A University of Alabama study published in the International Journal of Obesity [March 30, 2010] suggested that it might not be a bad idea to go full tilt in the morning. Mice fed higher quantities of fat in the morning had better metabolic profiles than those fed more carbohydrate-rich diets just after waking.

There is a catch, though: the high-fat breakfast eaters who maintained their weight were given a low-fat evening meal. Have your rich breakfast of steak, eggs, potatoes and toast, if you wish. But then compensate by eating oatmeal and fruit for dinner.

PORRIDGE, MUESLI, GRANOLA, CORN FLAKES:

If you remember your fairy tales, you know that porridge (also known as hot cereal) has been a traditional breakfast for hundreds of years. Porridge can be made from any grain, most commonly barley in olden times and oatmeal today.

Old fashioned oatmeal still provides 100 percent whole grain.
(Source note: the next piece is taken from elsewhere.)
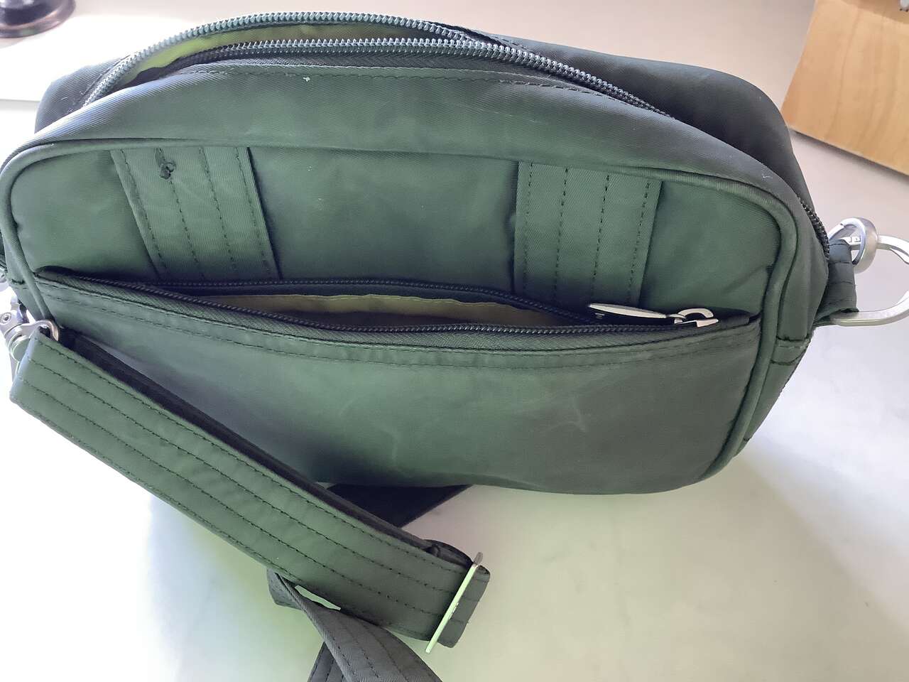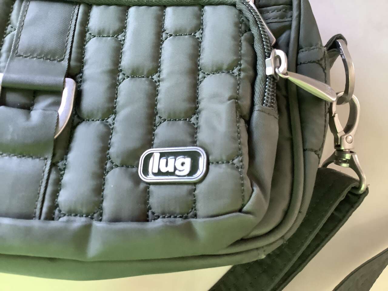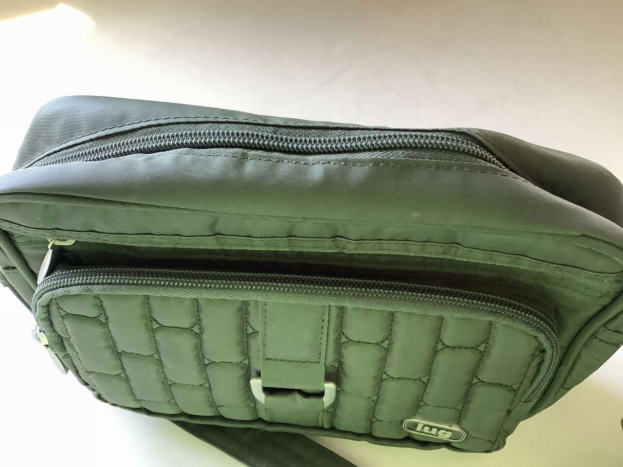 Olive green, only used twice, looking online, they sell new for $69 plus tax and shipping. Zippered compartments and inside organizing pockets. Inside is a yellow green. Strap is removable and adjustable. It's really well made. See pictures for dimensions. Cash Only Please and No Codes

And other whole grain cereals are readily available. Pre-packaged oatmeal, though, usually contains more sugar than you need in the morning...or any other time.

Oatmeal is particularly high in the type of fiber that lowers cholesterol, and it has other healthy nutrients such as potassium, folate and omega-3 fatty acids. Top a bowl with some berries, banana or other fruit and milk, and you have an excellent breakfast, rich in vitamins, minerals and fiber.
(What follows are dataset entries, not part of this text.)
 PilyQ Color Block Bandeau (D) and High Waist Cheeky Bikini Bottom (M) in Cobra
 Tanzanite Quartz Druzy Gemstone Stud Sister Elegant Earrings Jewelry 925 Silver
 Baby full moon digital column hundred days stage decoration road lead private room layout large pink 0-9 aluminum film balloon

Muesli, developed around 1900 by Swiss physician Maximilian Bircher-Benner, uses uncooked rolled oats plus dried fruit and nuts. You can buy it in most health-oriented stores; or you can easily make your own.
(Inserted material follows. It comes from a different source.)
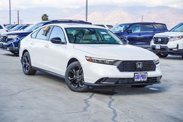 2025 Honda Accord SE Platinum White Pearl Dealer Discount of $446 off MSRP Car Pros has a hassle free return policy. 3 days or 200 miles from time of delivery. FWD CVT 1.5T I4 DOHC 16V Turbocharged VTEC 29/37 City/Highway MPG Price does not include tax, title, license, or document fees or any dealer added accessories. Images are for illustration purposes only. Prices shown are manufacturer suggested retail prices only and do not include taxes, license, or doc fee. Manufacturer vehicle accessory costs, labor and installation vary. All Pricing and Advertised Prices for all vehicles offered for sale does not include any dealer accessory. Please contact us with any questions. Based on 2022 EPA mileage ratings. Use for comparison purposes only. Your mileage will vary depending on driving conditions, how you drive and maintain your vehicle, battery-pack age/condition, and other factors.

You can make your own granola as well by toasting some rolled oats in the oven along with a little oil, honey or maple syrup plus dried fruits, raisins, nuts and any other ingredient you’d like.

It was not until the introduction of puffed cereals in the 1930s that manufacturers started targeting children–removing the fiber (which at the time was considered bad for digestion) and adding sugar to appeal to children. Some cereals today are more than 50 percent sugar by weight, but that should not relegate all cereal breakfasts to the junk heap.

There are many healthy ready-to-eat cereals, but you’re unlikely to find them through advertising or the “all natural” printed on the box. Read the label. What you’re looking for 
  • has less than 5 grams of sugar per serving;
  • more than five grams of fiber; and
  • whole grain–oats, wheat, barley, corn–at the very top of the ingredient list.
Cheerios contains whole grain oats with three grams of fiber and only one gram of sugar per serving. Corn flakes (without the sugar frosting) is a tasty, low calorie, non-fat option. Shredded wheat has six grams of fiber and one gram of fat.

A Harvard study of 17,000 men who regularly ate either refined grain or whole grain cereal for breakfast found that they weighed less than similar men who did not eat cereal.

ORANGE JUICE, COFFEE, TEA:

A small glass of orange juice in the morning is a great way to start the day. You can almost taste the sunshine. But for the rest of the day, it’s better to focus on eating whole fruit, which has less calories and sugar and more fiber.

Both coffee and tea–with and without the caffeine–have numerous antioxidants and health benefits. One 2005 study concluded that coffee is the greatest source of antioxidants in the American diet. Another study found that drinking tea might boost metabolism and contribute to weight loss.

A quick cup of coffee or tea is not good enough, though. Choose a healthy breakfast that appeals to you, and take a few minutes to sit down and eat it.